I have been very lucky to be in to data industry right at the time when Data Warehousing was at its peak and experience the pain of setting up, securing and using Hadoop in enterprise environments. Finally first hand witnessing the rise of Cloud computing and modern data era!
With the power of Cloud for the first time big data processing systems are mature enough to solve enterprise data problems rather than adding to it and becoming a burden! In this series of post I will be going through all this as a segue to what problems cloud has solved and how to take most advantage of it!

If you could travel a couple of decades in time, you will find yourself in the Data Warehousing era when all companies were heavily investing in integrating their operation data silos in bigger databases called a data warehouse. Data warehouse was being built (and still is being built) in order to achieve some key outcomes:

To store history of changes happening in the operation systems. The most common(or cliché) example of this is when a customer changes address. In a operation system the customer address gets updated without any attribution to what was the previous address and frankly the operation system (for instance a billing system) wouldn’t care about what was the old value (All the billing system needs is a valid current address to generate and send invoices and bills to) . But as the data collection has matured and the value of data has been realized more in organizations, the analytics professionals and business users started to identify valuable insights in these changes and hence a motivation to store them somewhere (a.k.a DW)
To integrate information from various silos of operational systems (ERP, CRM and etc.) to a single store know as Enterprise Data Warehouse (EDW) and reveal insights in their data which was not was not possible to find from data sources in isolation.
Re-model the data in way to fit reporting and analytical work loads (write once, read always). Most commonly data in operational databases are stored in 3rd normal form but in data warehouses dimensional modelling or star schema is a more common pattern. The most recent methodology developed by Dan Linstedt is called Data Vault.

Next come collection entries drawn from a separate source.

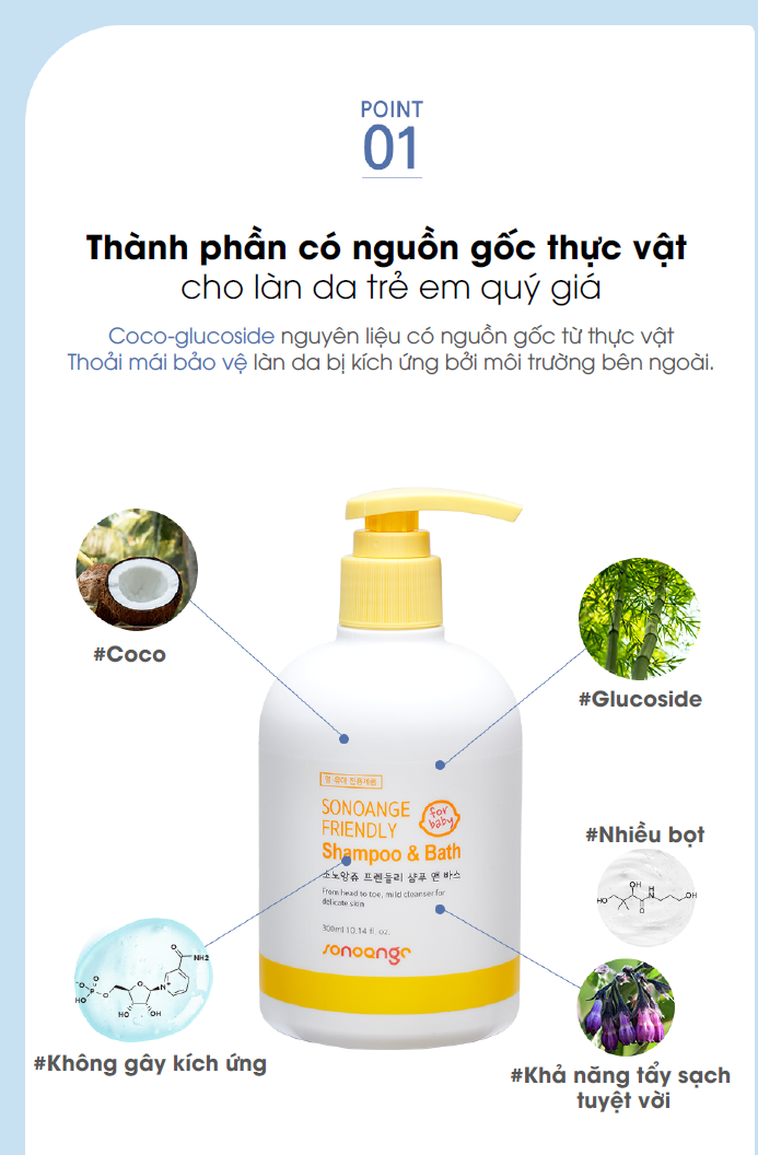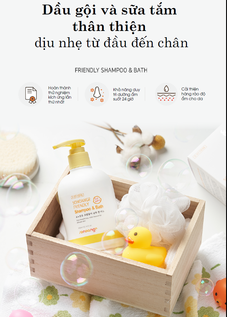 Sữa tắm gội dịu nhẹ cho bé 2 trong 1 FRIENDLY SHAMPOO&BATH 300ml
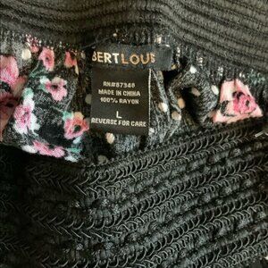 Very Pretty Flowy High-waisted Wide-Leg Floral, Polka Dot with black lace accents Palooza-type Pants. Super comfy. Casual Dress. 100% Rayon.
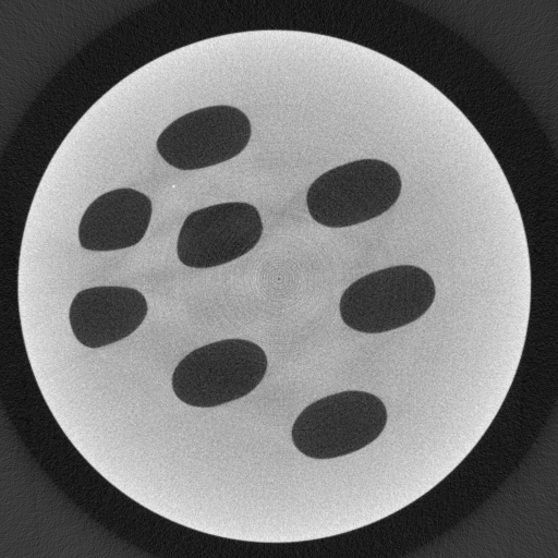 As the orientation of CT reconstructions can depend on the tools used, we have included example reconstructions for each of the phantoms to demonstrate how the reconstructions obtained from the sinograms and the specified geometry should be oriented. The reconstructions have been computed using the filtered back-projection algorithm provided by the ASTRA Toolbox.
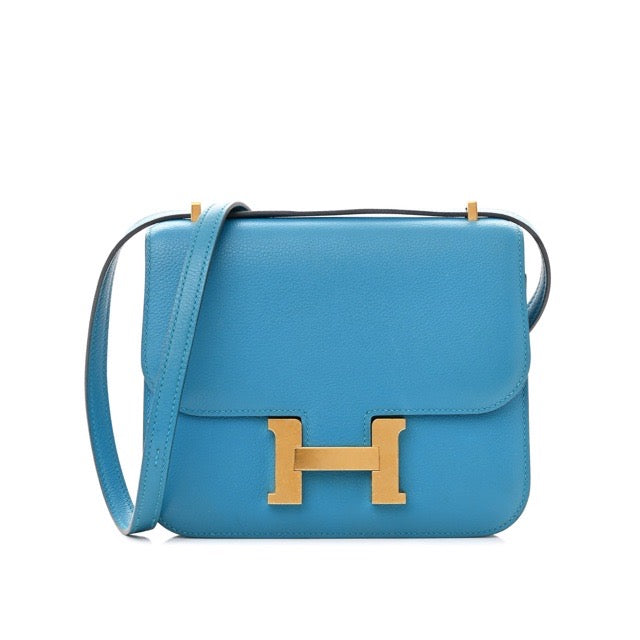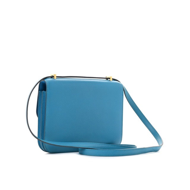 HERMES MINI CONSTANCE 18 BLEU FRIDA EVERCOLOR GOLD HARDWARE
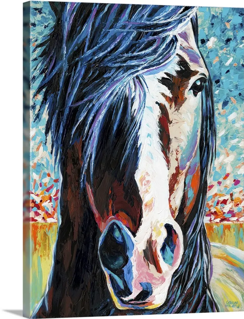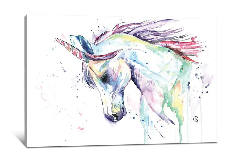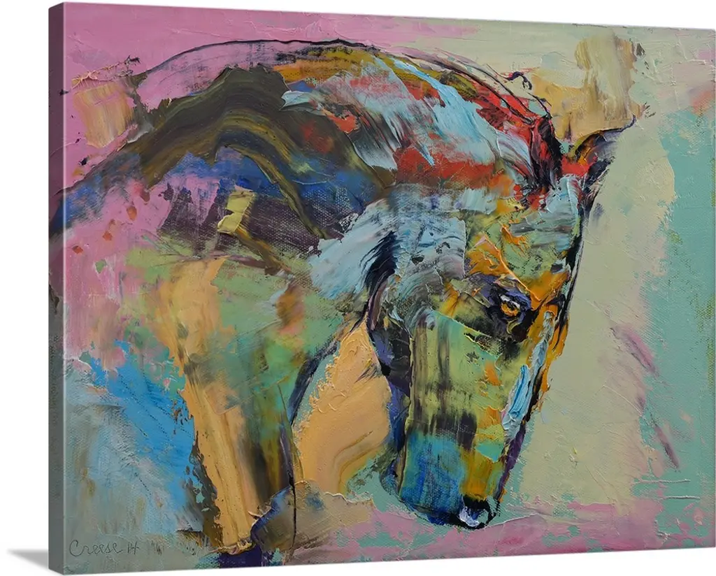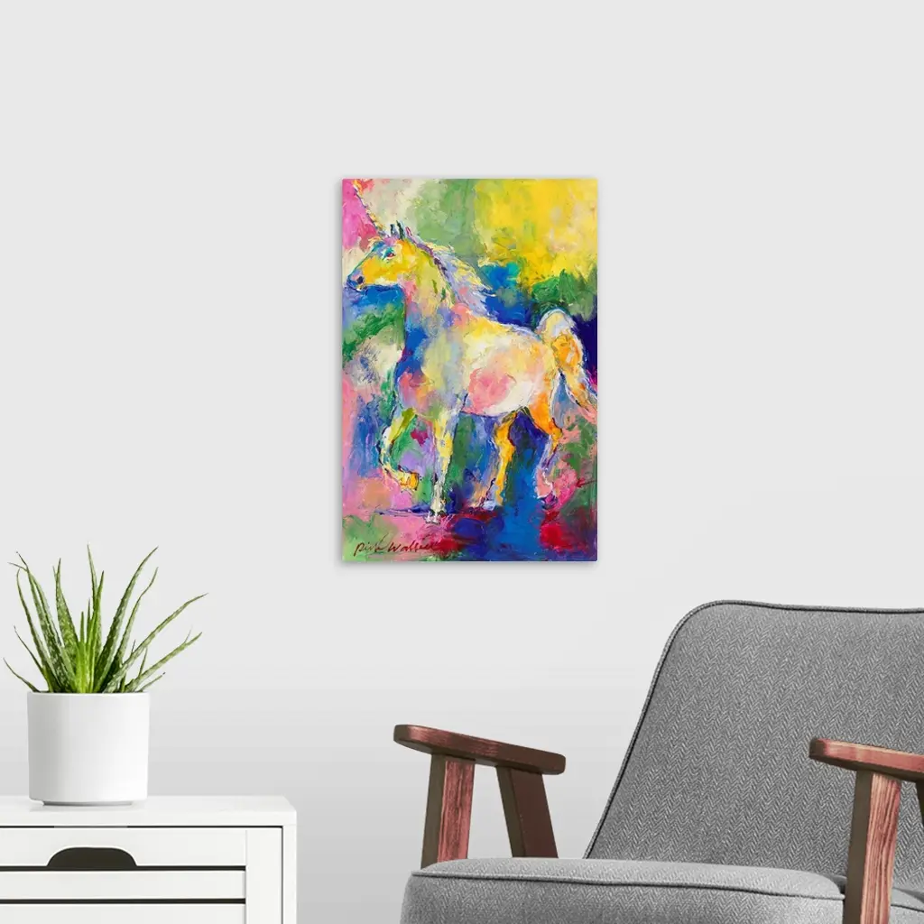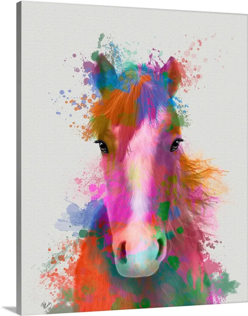 Abstract painting of a colorful unicorn using all of the colors of the rainbow.
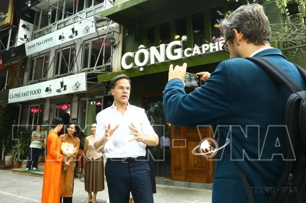 Hanoi is a city where leaders from around the world enjoy a peaceful atmosphere. In the photo: During his visit to Vietnam on November 2, 2023, Dutch Prime Minister Mark Rutte visits a cafe on Dien Bien Phu street, savoring tea and engaging in conversation with Vietnamese friends.__Photo: VNA
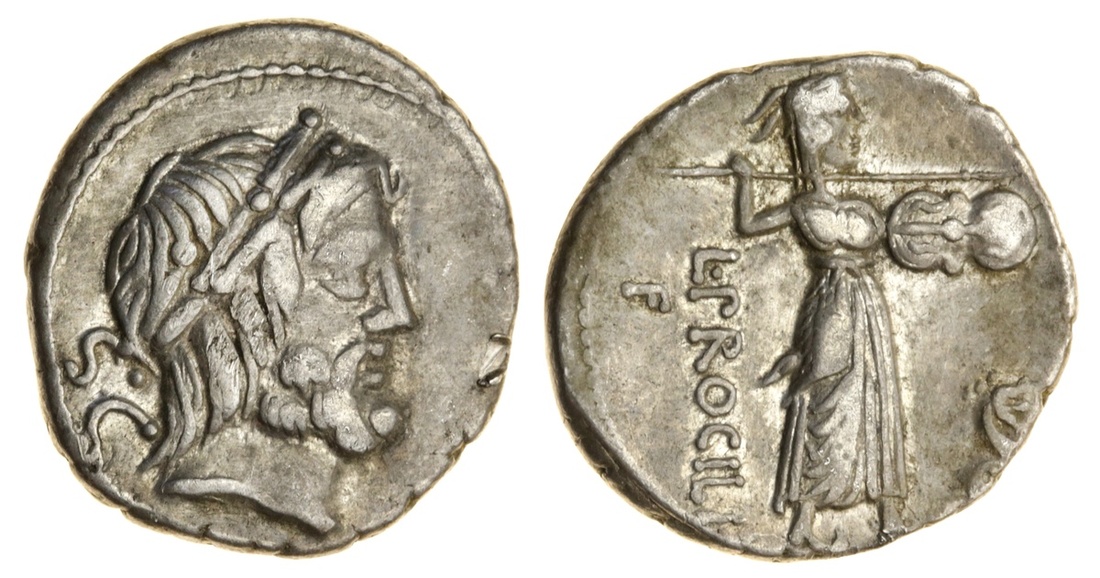 Roman Republic, L. Procilius (80 BC), AR Denarius, 3.74g, 4h, Rome, laureate Jupiter right, S.C. behind, rev. Juno Sospita walking right, brandishing spear, serpent before, L. PROCILI / F in field (RSC Procilia 1; Sydenham 771; RRC 379/1), light tone, about very fine
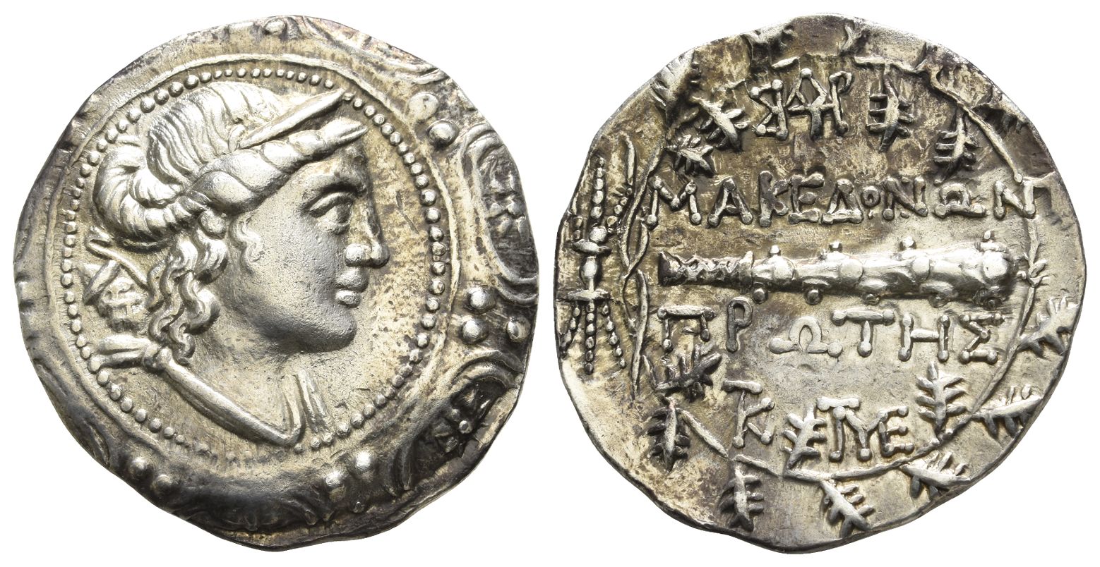 Diademed and draped bust of Artemis to right, bow and quiver over shoulder, on the boss of a Macedonian shield / Club; monogram of ΒΥΔΡ and MAKEΔONΩN above, ΠPΩTHΣ and monograms of KT and MET below; all within oak wreath, thunderbolt to left. Cf. Prokopov, Silver, Group II.A, 258 (slightly differing lower monograms); HGC 3, 1103. 16.67gr, 31mm, 12h.
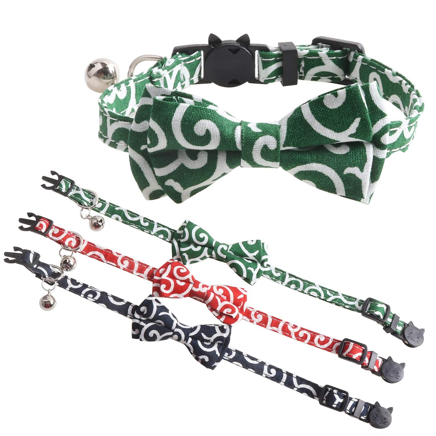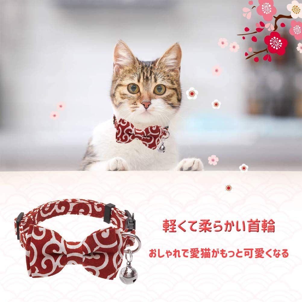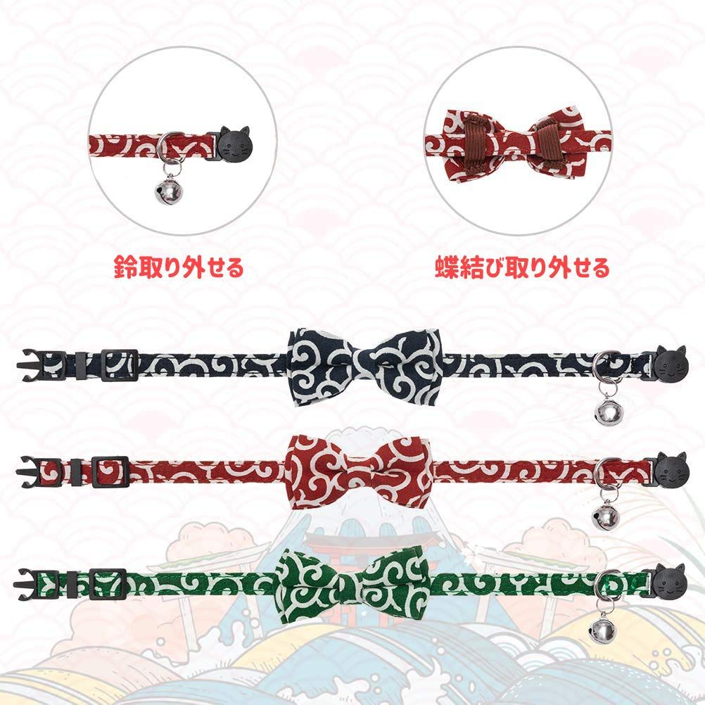 【素材とカラー】素材は耐久性のある布生地で柔らかくとても軽いから、猫ちゃんに優しいです、柄は唐草でオシャレで可愛いです。カラー:ネイビー、レッド、グリーン。パッキングリスト:グリーン猫首輪1個、迷子札1個、FUWAPETブランドタグ
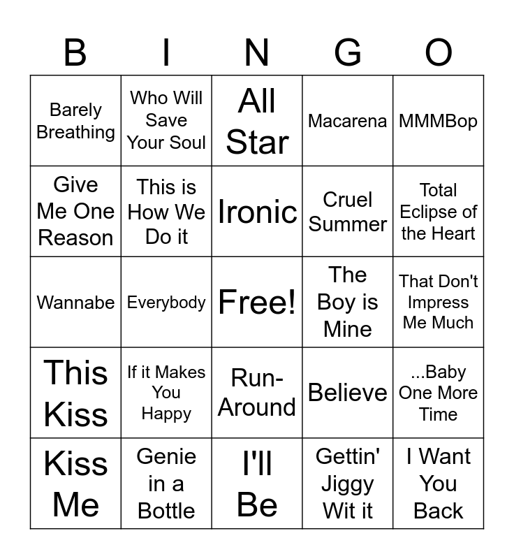 This bingo card has a free space and 35 words: Waterfalls, Kiss From a Rose, Fantasy, This is How We Do it, Run-Around, Macarena, Give Me One Reason, C'Mon N'Ride It, Ironic, Follow You Down, Wannabe, MMMBop, You Make Me Wanna..., Semi-Charmed Life, Barely Breathing, The Boy is Mine, Gettin' Jiggy Wit it, Everybody, This Kiss, I Want You Back, Believe, Kiss Me, ...Baby One More Time, Genie in a Bottle, All Star, Total Eclipse of the Heart, I Love You Always Forever, The Freshman, Cruel Summer, That Don't Impress Me Much, Mambo No. 5, I'll Be, If it Makes You Happy, Who Will Save Your Soul and Only Wanna Be With You.
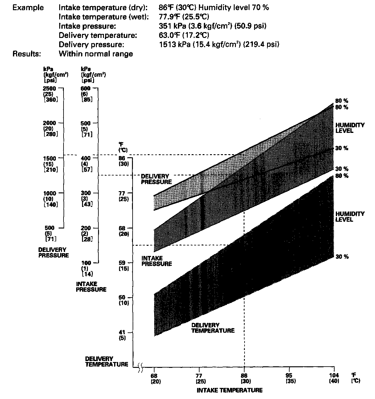 - Mark the intake temperature (ambient air temperature) along the bottom line.
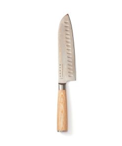 Denne Santokukniven er ideell for å kutte kjøtt og hakke større grønnsaker og urter. Det robuste pakkawood-håndtaket er ergonomisk utformet, noe som gjør kniven enkel og behagelig å bruke. Dette betyr at du kan jobbe med kniven over lengre tid, uten at hånden blir sliten. Bladet har en utrolig hard kjerne bestående av 67 lag med støpt VG10-stål. Resultatet er et slitesterkt blad med utrolig skarphet og utmerket skjæreytelse. Leveres i magneteske.
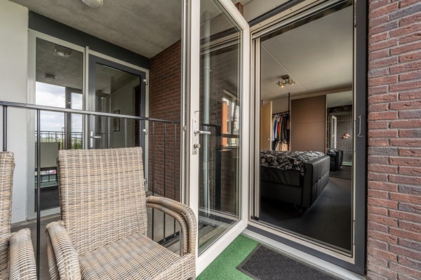 - Twee balkons, waarvan één balkon volledig kan worden afgesloten door de glazen panelen en gelegen op het Zuiden;

Remember that all this has happened 1990s (Kimball’s The Data Warehouse Toolkit was published in 1996) when memory used to cost around $30 per MB versus $0.0068 in 2018 (reduce more than 4000 times), disk costing $.20 per MB versus $0.0000245 in 2018 (reduced more than 8000 times!!) and processing being much much more limited and expensive. The reason for mentioning all this is to paint a picture of why a lot of this practices has developed to cope with the hardware limitations and making the bang for the tech buck go as far as possible at the cost of design complexity and many other compromises.

At the same time hardware and software vendors (like Microsoft, Oracle, Teradata and etc.) were also hard at work optimizing their DBMSs with the most powerful hardware and most efficient software.

The holy separation!

Years passed and in early 2010s computing got cheaper and cheaper to a point where commodity computing became reliable and efficient enough to handle enterprise workloads. And with the help Open Source Software (the power of community) processing data on clusters of these machines became possible and this was the born of Hadoop.
Although Hadoop’s main agenda was processing bigger volumes ,velocity and variety of data, it introduced the amazing concept of “separation of storage and compute” to data processing which later made quite a significant uplift in related technologies (In my opinion this was the most valuable achievement of Hadoop!). Initial Hadoop was nothing but HDFS(storage) plus MapReduce (processing). This separation made it possible for numerous other eco-system projects including Apache Spark to rise and shine and without needing to reinvent the wheel again.

What happened to Hadoop?

If you even haven’t been following the tech trend, for sure noticed the Cloudera and Hortonworks merger and that by itself is proof that the Hadoop market is not big enough for two players anymore! I think the below quote from Mathew Lodge summarizes what has happened strongly.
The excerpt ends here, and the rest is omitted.